The judgment of the Court of Justice of 3 October 2019 in case Eva Glawischnig-Piesczek v. Facebook Ireland, C-18/18, is one of the Court’s multiple decisions concerning the liability of host providers and the obligations that may be imposed on them by a national court. The decision seems to follow two current pan-European (or even global) trends as far as host providers’ liability is concerned. The first is to make the liability rules stricter. The second is a shift from the concept of horizontal to that of vertical liability rules. In essence, the Court of Justice decided that a host provider might be ordered by a national court to remove (or block access to) defamatory content identical or equivalent to the information which had been previously declared unlawful. What is more, according to the Court a host provider may be ordered to remove (or block access) to such information worldwide as long as measures adopted by a member state allow its national courts to issue a worldwide order and the measures are consistent with applicable international law.

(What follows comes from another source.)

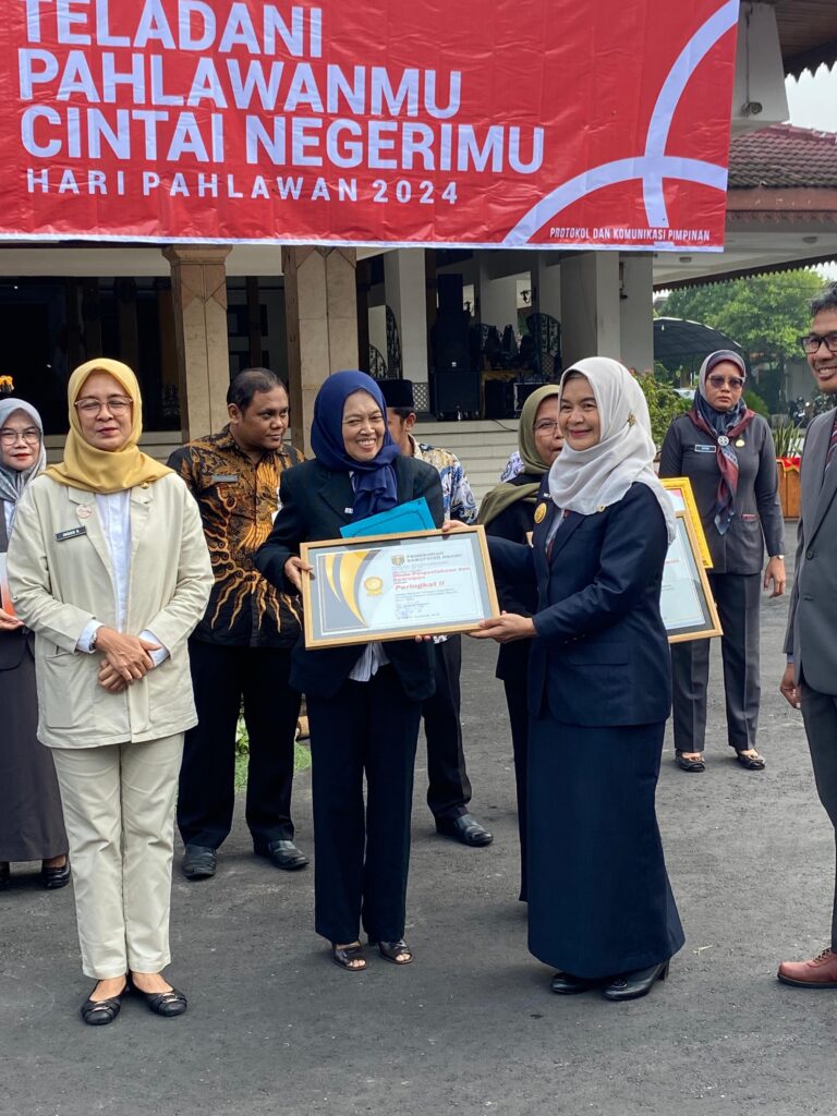 Apresiasi dan penghargaan disampaikan langsung oleh Pjs.Bupati Ngawi, Tiat S. Suwardi dalam momen acara Peringatan hari Pahlawan, yang diadakan pada hari Senin, tanggal 11 November 2024,bertempat di Halaman Pendopo Wedya Graha, dan diterima langsung oleh Kepala Dinas Perpustakan dan Kearsipan , Kartikawari Pinilih.

The judgment commented on will have a great impact on the content of claims lodged by plaintiffs in personal rights infringement cases, in particular in electronic communication. The efficacy of the court order in question, however, will depend on the imagination of plaintiffs (in how to formulate their claims so that a court order covers equivalent comments as well) and defendants (in how to express their opinions in such a way that the opinions are not covered by a court order). It will be also greatly affected by national courts whose job will be to interpret the notion of “equivalent information” and to find a balance between three groups of interests: plaintiffs, defendants, and a third party that may be affected by the order (e.g. users of an online platform).